*Required work*
With all pictures excluded, restate the records that follow exactly as written.

*Records supplied*
══════════════════════════════

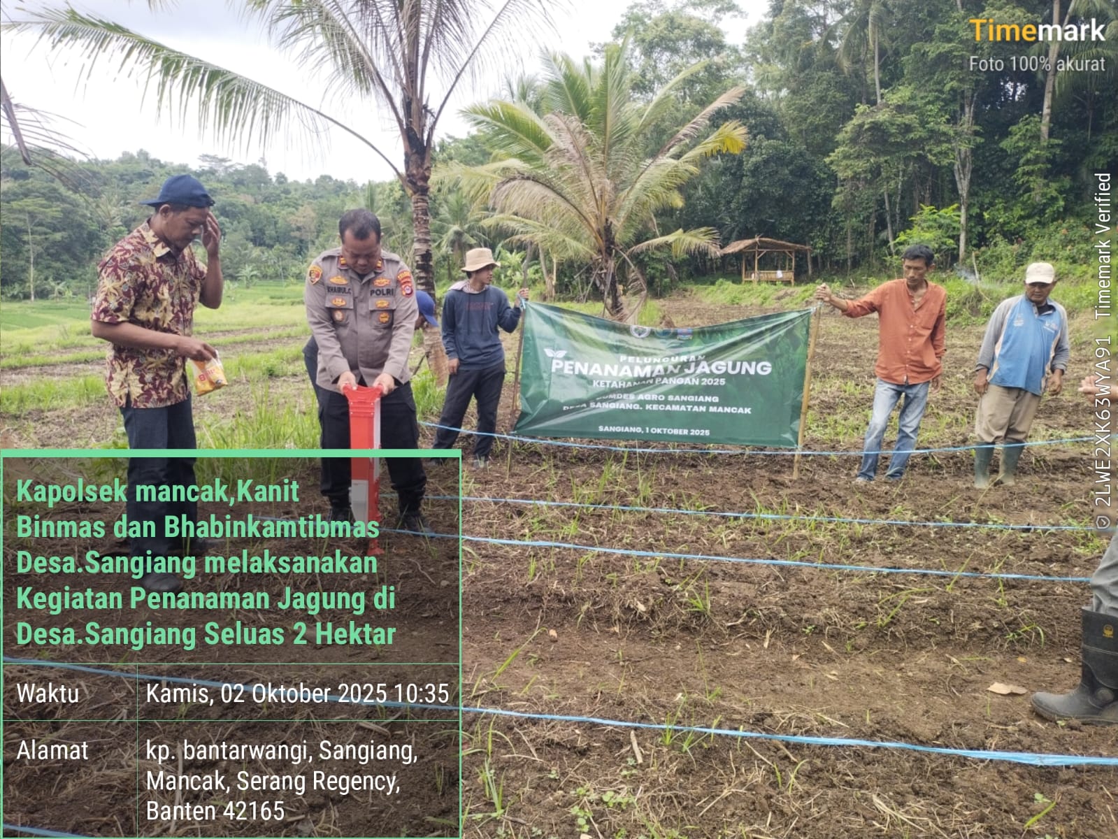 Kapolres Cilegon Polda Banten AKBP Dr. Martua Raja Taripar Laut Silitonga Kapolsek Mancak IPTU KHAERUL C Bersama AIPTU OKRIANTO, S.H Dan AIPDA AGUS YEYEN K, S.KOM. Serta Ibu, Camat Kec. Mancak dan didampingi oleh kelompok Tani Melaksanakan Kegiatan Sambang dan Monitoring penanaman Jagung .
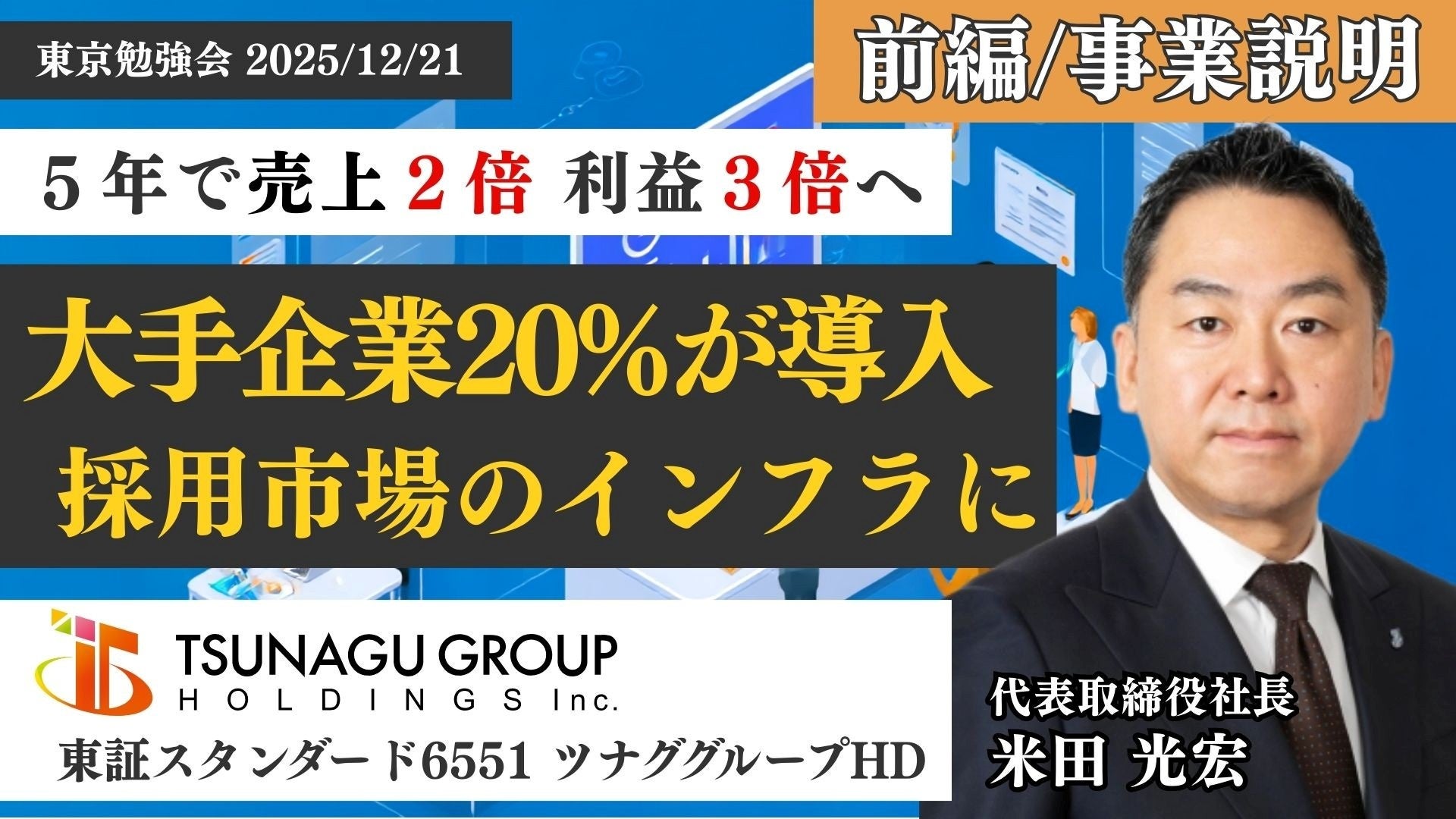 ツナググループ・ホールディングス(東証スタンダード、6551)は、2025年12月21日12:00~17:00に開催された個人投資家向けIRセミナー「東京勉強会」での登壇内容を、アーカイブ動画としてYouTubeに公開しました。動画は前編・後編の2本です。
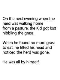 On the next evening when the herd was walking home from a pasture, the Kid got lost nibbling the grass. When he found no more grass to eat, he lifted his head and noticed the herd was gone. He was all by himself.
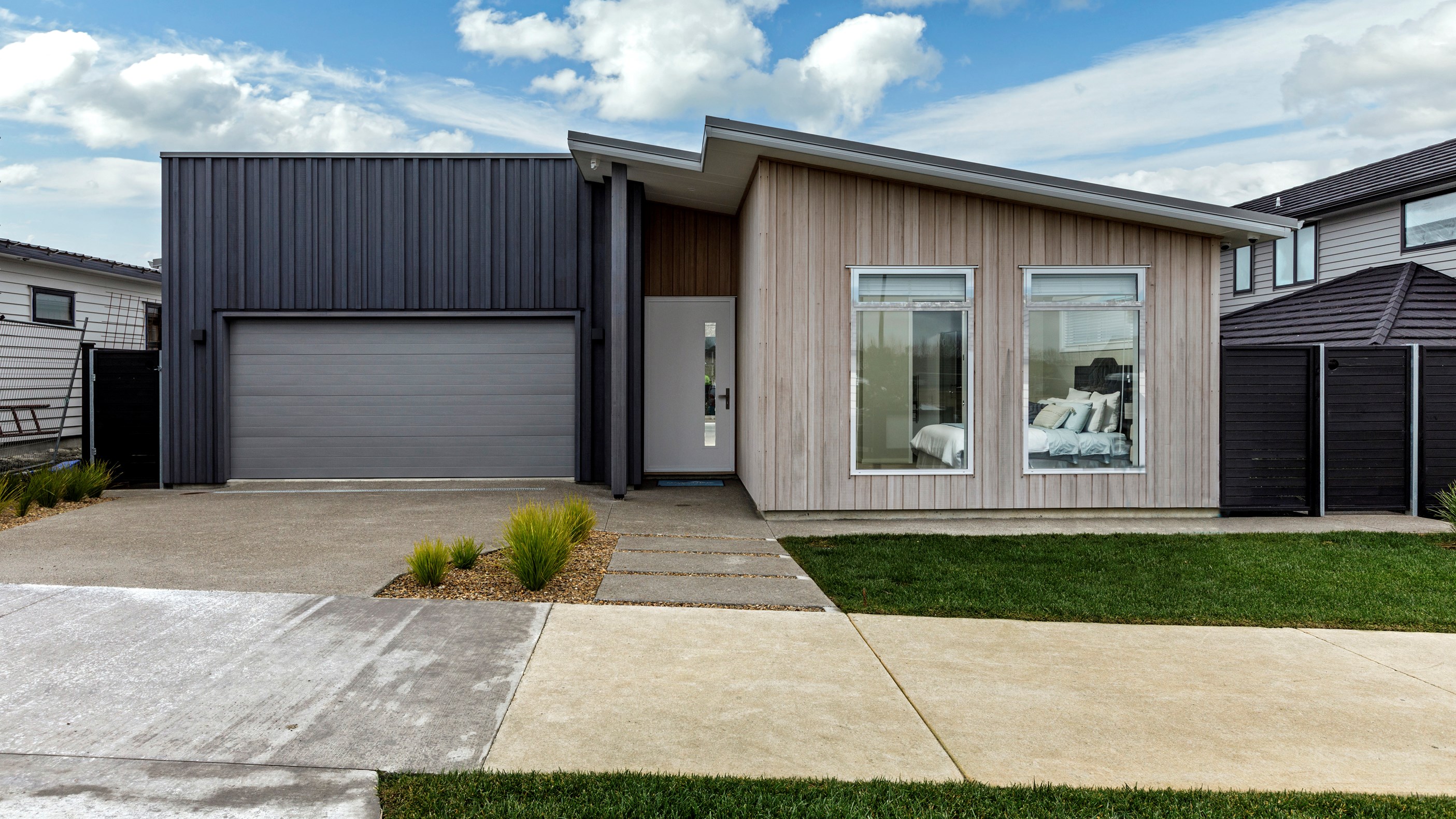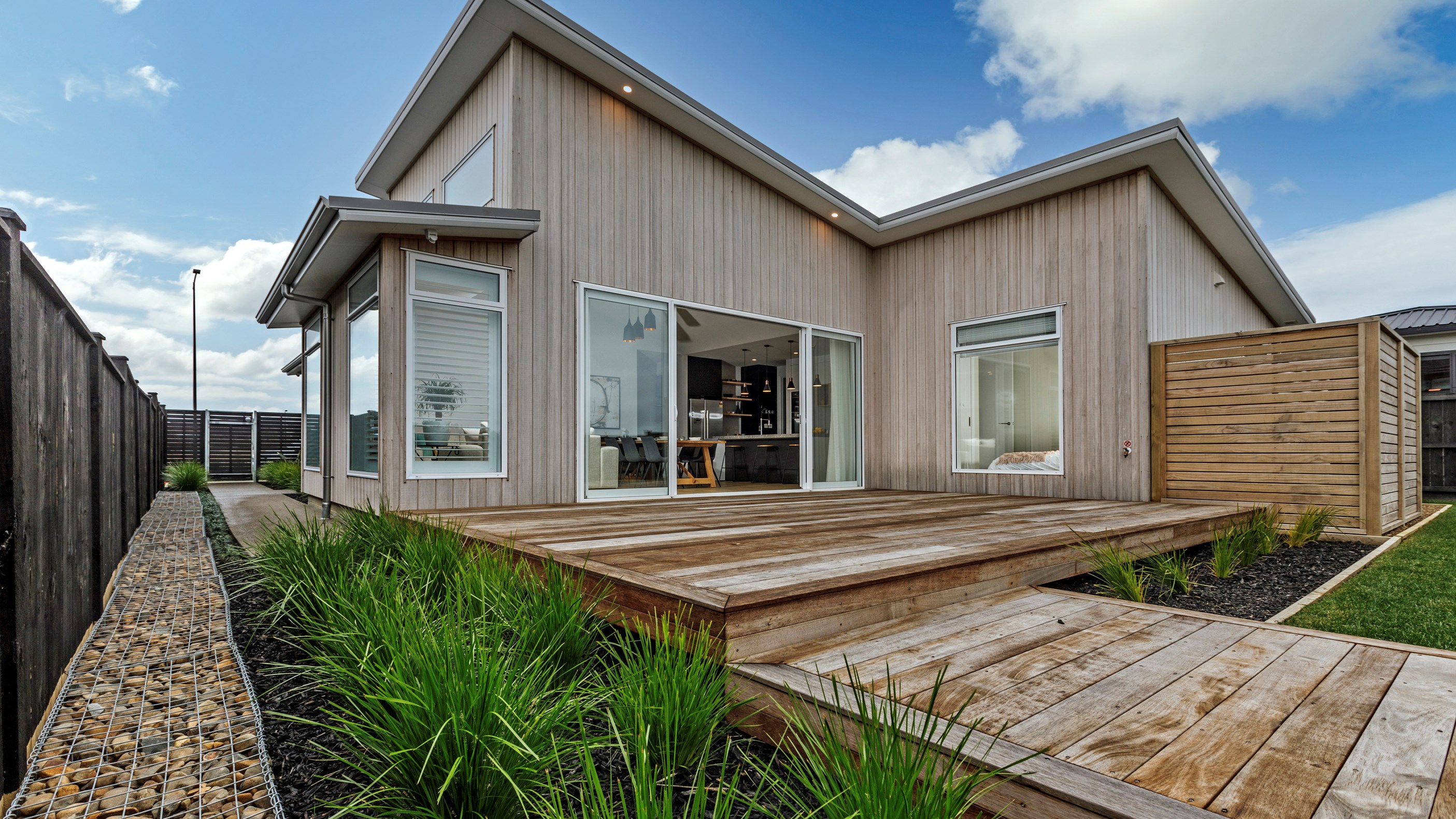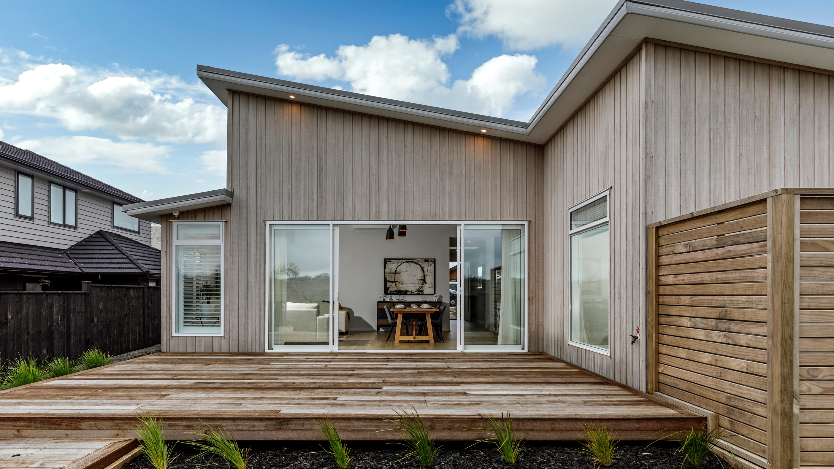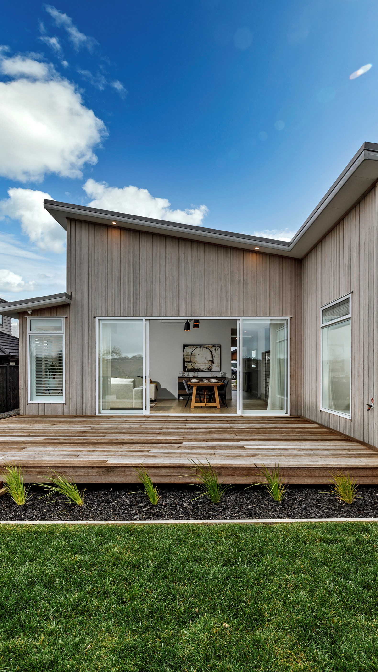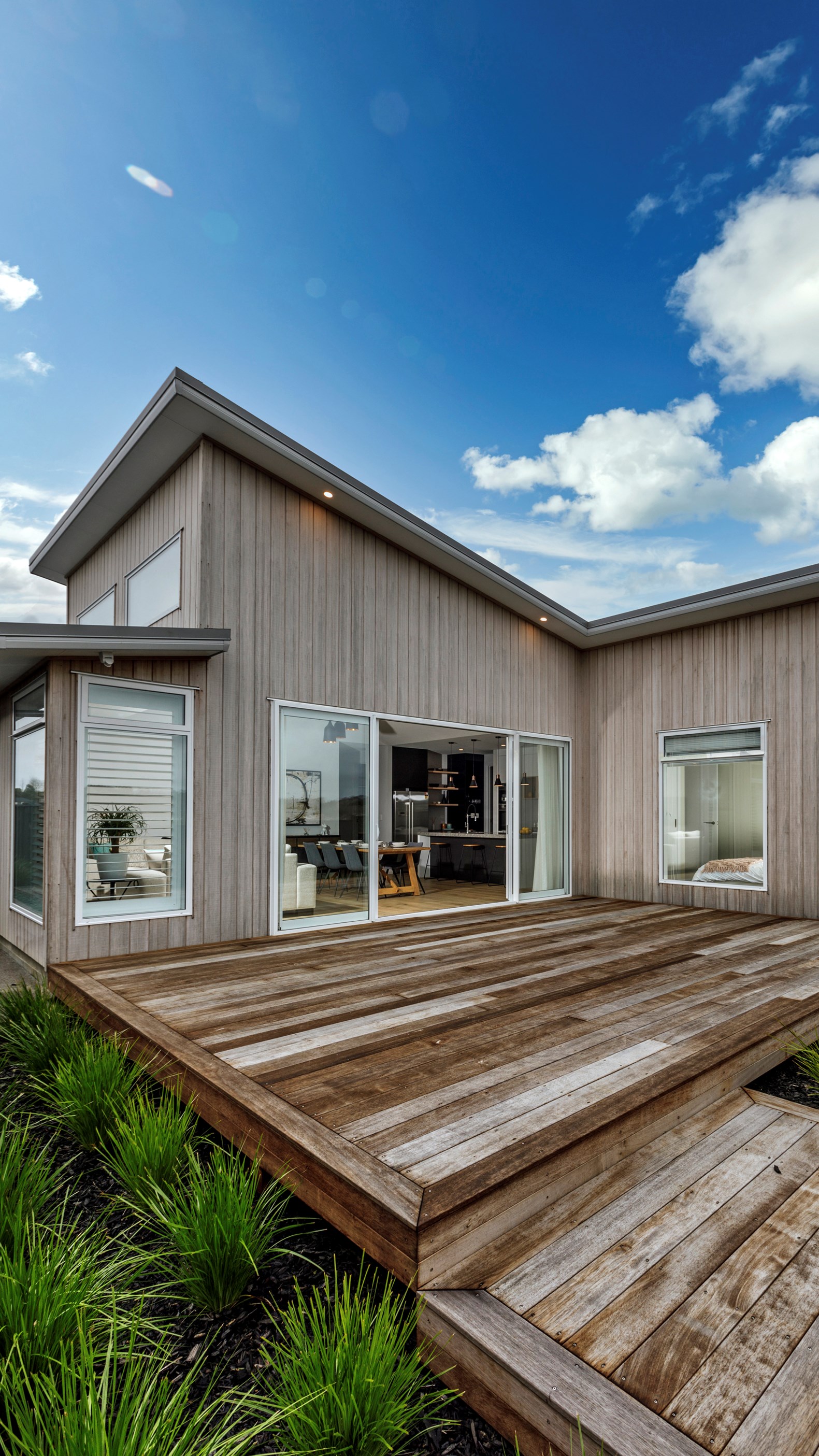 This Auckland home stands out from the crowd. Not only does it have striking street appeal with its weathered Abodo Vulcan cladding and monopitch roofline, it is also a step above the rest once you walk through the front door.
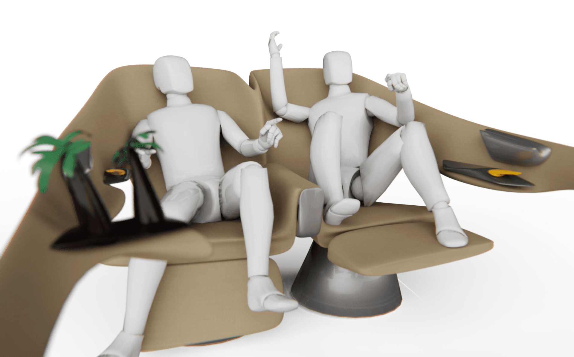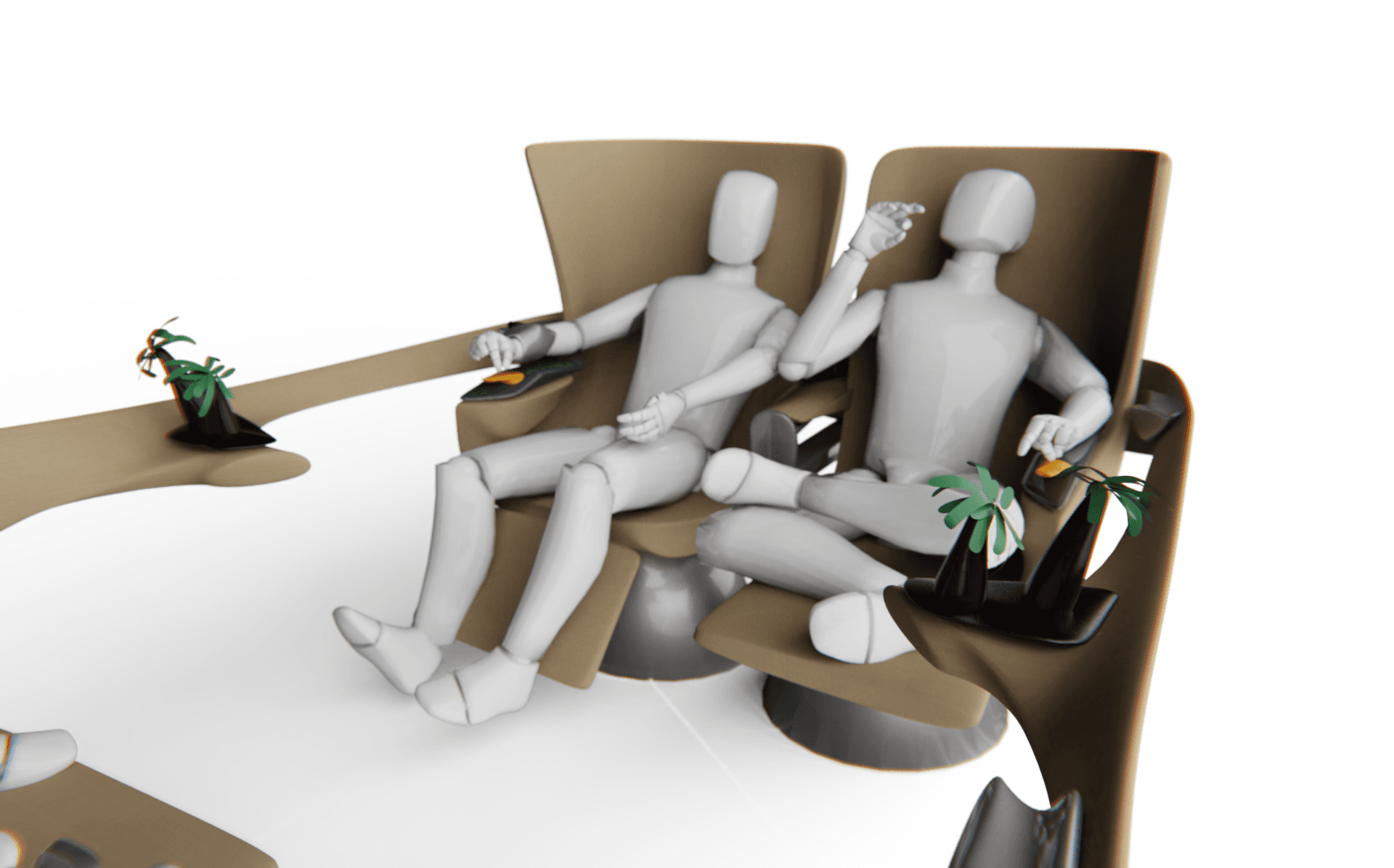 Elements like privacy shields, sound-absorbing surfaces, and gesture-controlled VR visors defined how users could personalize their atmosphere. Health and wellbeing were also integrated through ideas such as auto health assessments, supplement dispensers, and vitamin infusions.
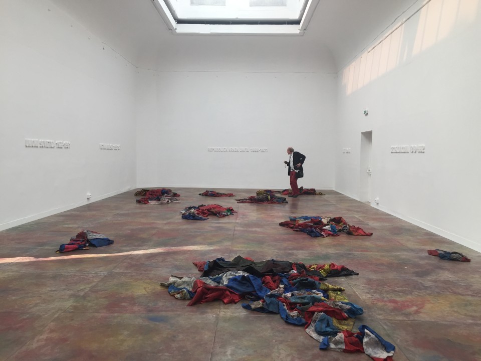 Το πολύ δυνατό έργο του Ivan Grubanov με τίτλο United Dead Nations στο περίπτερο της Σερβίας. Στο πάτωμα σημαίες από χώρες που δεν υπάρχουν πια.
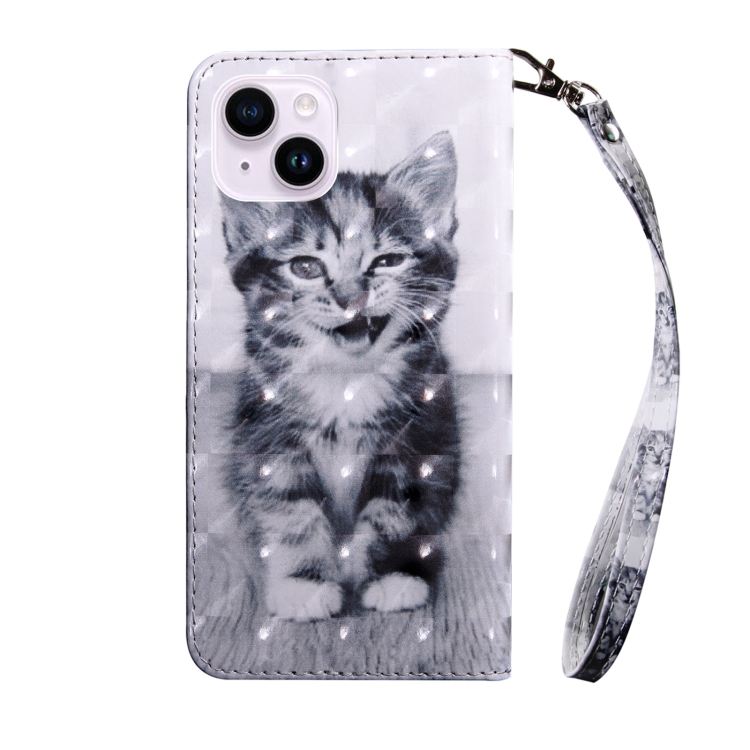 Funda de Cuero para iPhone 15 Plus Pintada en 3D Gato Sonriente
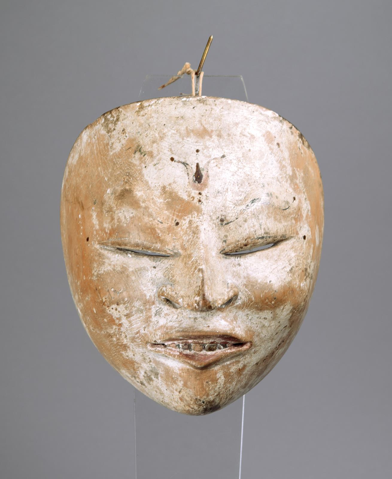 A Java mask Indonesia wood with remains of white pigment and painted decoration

══════════════════════════════

*Response*
 Kapolres Cilegon Polda Banten AKBP Dr. Martua Raja Taripar Laut Silitonga Kapolsek Mancak IPTU KHAERUL C Bersama AIPTU OKRIANTO, S.H Dan AIPDA AGUS YEYEN K, S.KOM. Serta Ibu, Camat Kec. Mancak dan didampingi oleh kelompok Tani Melaksanakan Kegiatan Sambang dan Monitoring penanaman Jagung .
 ツナググループ・ホールディングス(東証スタンダード、6551)は、2025年12月21日12:00~17:00に開催された個人投資家向けIRセミナー「東京勉強会」での登壇内容を、アーカイブ動画としてYouTubeに公開しました。動画は前編・後編の2本です。
 On the next evening when the herd was walking home from a pasture, the Kid got lost nibbling the grass. When he found no more grass to eat, he lifted his head and noticed the herd was gone. He was all by himself.
 This Auckland home stands out from the crowd. Not only does it have striking street appeal with its weathered Abodo Vulcan cladding and monopitch roofline, it is also a step above the rest once you walk through the front door.
 Elements like privacy shields, sound-absorbing surfaces, and gesture-controlled VR visors defined how users could personalize their atmosphere. Health and wellbeing were also integrated through ideas such as auto health assessments, supplement dispensers, and vitamin infusions.
 Το πολύ δυνατό έργο του Ivan Grubanov με τίτλο United Dead Nations στο περίπτερο της Σερβίας. Στο πάτωμα σημαίες από χώρες που δεν υπάρχουν πια.
 Funda de Cuero para iPhone 15 Plus Pintada en 3D Gato Sonriente
 A Java mask Indonesia wood with remains of white pigment and painted decoration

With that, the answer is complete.